0x0000000012345678 (unknown) 0x8765432187654321

@grimar Can you send an email to the mailing list binutils@sourceware.org and ask whether they'd like to change?

I think our goal is to make llvm-readobj -d and llvm-readelf -d consistent. It seems we have a preferable output in mind which is inconsistent with GNU readelf. I agree that omitting the value from the (unknown) column is better.

0x0000000012345678 (unknown) 0x8765432187654321

@grimar Can you send an email to the mailing list binutils@sourceware.org and ask whether they'd like to change?

I'd like to clarify. GNU readelf currently prints:

0x0000000012345678 (<unknown>: 12345678) 0x8765432187654321
0x000000006abcdef0 (Operating System specific: 6abcdef0) 0x9988776655443322
0x0000000076543210 (Processor Specific: 76543210) 0x5555666677778888

Do you suggest to start using (unknown) everywhere?

0x0000000012345678 (unknown) 0x8765432187654321
0x000000006abcdef0 (unknown) 0x9988776655443322
0x0000000076543210 (unknown) 0x5555666677778888

Or do you want to keep Operating System specific and Processor Specific text?
(I think James wants to keep them).

0x0000000012345678 (unknown) 0x8765432187654321
0x000000006abcdef0 (Operating System specific) 0x9988776655443322
0x0000000076543210 (Processor Specific) 0x5555666677778888

Assuming we want to keep them, I am thinking about shortening and lower-casing:

0x0000000012345678 (unknown) 0x8765432187654321
0x000000006abcdef0 (OS specific) 0x9988776655443322
0x0000000076543210 (processor specific) 0x5555666677778888

I think our goal is to make llvm-readobj -d and llvm-readelf -d consistent.

FWIW, I don't see a massive need for this (we don't make, e.g. symbol output consistent), but I don't oppose attempting it as long as llvm-readelf output is consistent with GNU readelf.

MaskRay added a comment.EditedJan 14 2020, 11:40 AM

Assuming we want to keep them, I am thinking about shortening and lower-casing:

0x0000000012345678 (unknown) 0x8765432187654321
0x000000006abcdef0 (OS specific) 0x9988776655443322
0x0000000076543210 (processor specific) 0x5555666677778888

This looks good.

I think our goal is to make llvm-readobj -d and llvm-readelf -d consistent.

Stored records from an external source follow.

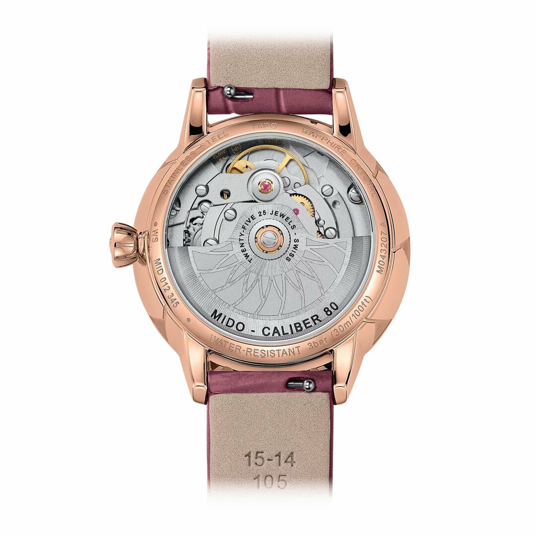 Mechaniczny z automatycznym naciągiem. Mido Caliber 80.611 zbudowany na ETA C07.611 zbudowany na ETA 2824-2, Rezerwa chodu 80h, 21.600 BPH (3Hz), 25 kamieni
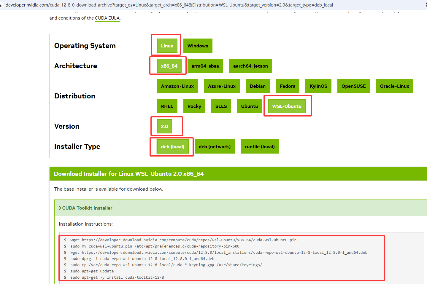 需在在wsl下Ubuntu中安装相版本的cuda-tookit,安装步骤如下:
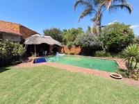 This charming residential property in Sunward Park, Boksburg, South Africa, offers a blend of comfort and practicality. The home presents an inviting kerb appeal with its modern brick and plaster facade, complemented by a lush, well-maintained front garden and a paved driveway leading to a spacious double garage. Visible security features, including electric fencing, contribute to peace of mind.
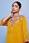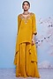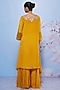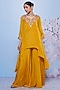 Featuring a mustard asymmetrical kurta in chiffon and cotton lycra base with embroidery. It is paired with a bustier and sharara pants.
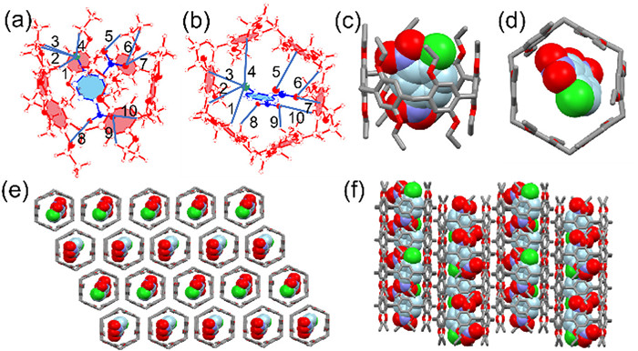 | Fig. 3. (a, b) Ball-stick views of the crystal structures of EtP6⊃G1. Host EtP6 is red, guest G1 is blue, oxygen atoms are solid and red, and nitrogen atoms are solid and blue. In EtP6⊃G1, 1–4 indicating C–H···Cl interactions, 5–10 indicating C–H···O interactions. (c, d) Crystal structure of the host–guest complex between EtP6 and G1. Host EtP6 is in a capped stick model, and guest G1 is in a space-filling model. (e, f) Packing structure of EtP6⊃G1, revealing that the guest molecules were encapsulated in the one-dimensional channel formed by EtP6. | |

FWIW, I don't see a massive need for this (we don't make, e.g. symbol output consistent), but I don't oppose attempting it as long as llvm-readelf output is consistent with GNU readelf.

I was postulating the original intention of this patch: make things consistent in places where the exact llvm-readobj -d output does not matter that much / share code. In GNU readelf's output, the second column duplicates some information from the first column, so it is not ideal.

0x0000000012345678 (<unknown>: 12345678) 0x8765432187654321
0x000000006abcdef0 (Operating System specific: 6abcdef0) 0x9988776655443322
0x0000000076543210 (Processor Specific: 76543210) 0x5555666677778888

Assuming we want to keep them, I am thinking about shortening and lower-casing:

0x0000000012345678 (unknown) 0x8765432187654321
0x000000006abcdef0 (OS specific) 0x9988776655443322
0x0000000076543210 (processor specific) 0x5555666677778888

This looks good.

OK. Lets wait a day or two more to see if anyone else has comments/ideas/objections about this and I'll post the suggestion to GNU mail list then.